33. (10 Cooper Square, 5 Cooper Square)

One evening in the mid-1950s a painter invites a sculptor friend over for drinks. As the two men sit in the painter’s studio, they notice music coming from a bar across the street. Intrigued, they walk over to see what’s happening. Until now the locale has catered exclusively to “Bowery bums” but the owners—two brothers who inherited the bar from their father—have been persuaded by a musician renting a room above the bar to buy a crummy piano and let him and his friends play jazz at night. Entering the bar, the painter and the sculptor find it empty except for the musicians. Drinking their 25-cent beers and enjoying the music, they decide to make their way eight blocks uptown to another bar hugely popular with artists and see if they can bring some of the crowd back to this newly interesting but sadly deserted spot. When they arrive at the packed artists’ bar the first person they talk to happens to have his pickup truck parked outside. Soon he is ferrying customers from one drinking establishment to the other. Eventually some 50 people make the trip, gleefully partying into the wee hours. From that night on, this Bowery dive rapidly turns into a cultural hotspot, attracting the most adventurous musicians and seemingly every artist and writer in New York City. In one of many memorable performances, a pianist known for his highly physical technique, subjects the piano to an hours-long attack in the course of which he breaks several keys. After the set is over one of the owners declares, “I’m not gonna ever let that guy come back and play the piano again. He broke my piano.” When the artists in the audience hear this they tell the owner, “If he doesn’t come back, we’re not coming back!” The pianist ends up staying for a five-week engagement that makes jazz history.

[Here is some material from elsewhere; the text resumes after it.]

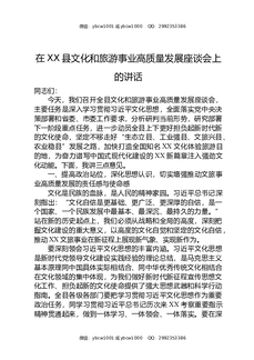 在XX县文化和旅游事业高质量发展座谈会上的讲话.docx

(Herman Cherry, David Smith, Joe and Iggy Termini, Alfred Leslie, Cecil Taylor)

Contributor

Raphael Rubinstein

Raphael Rubinstein is the New York-based author of The Miraculous (Paper Monument, 2014) and A Geniza (Granary Books, 2015). Excerpts from his recently completed book Libraries of Sand about the Jewish-Egyptian writer Edmond Jabès have appeared in BombThe Fortnightly Review and 3:AM Magazine. In January 2023, Bloomsbury Academic will publish a collection of his writing titled Negative Work: The Turn to Provisionality in Contemporary Art. Since 2008 he has been Professor of Critical Studies at the University of Houston School of Art.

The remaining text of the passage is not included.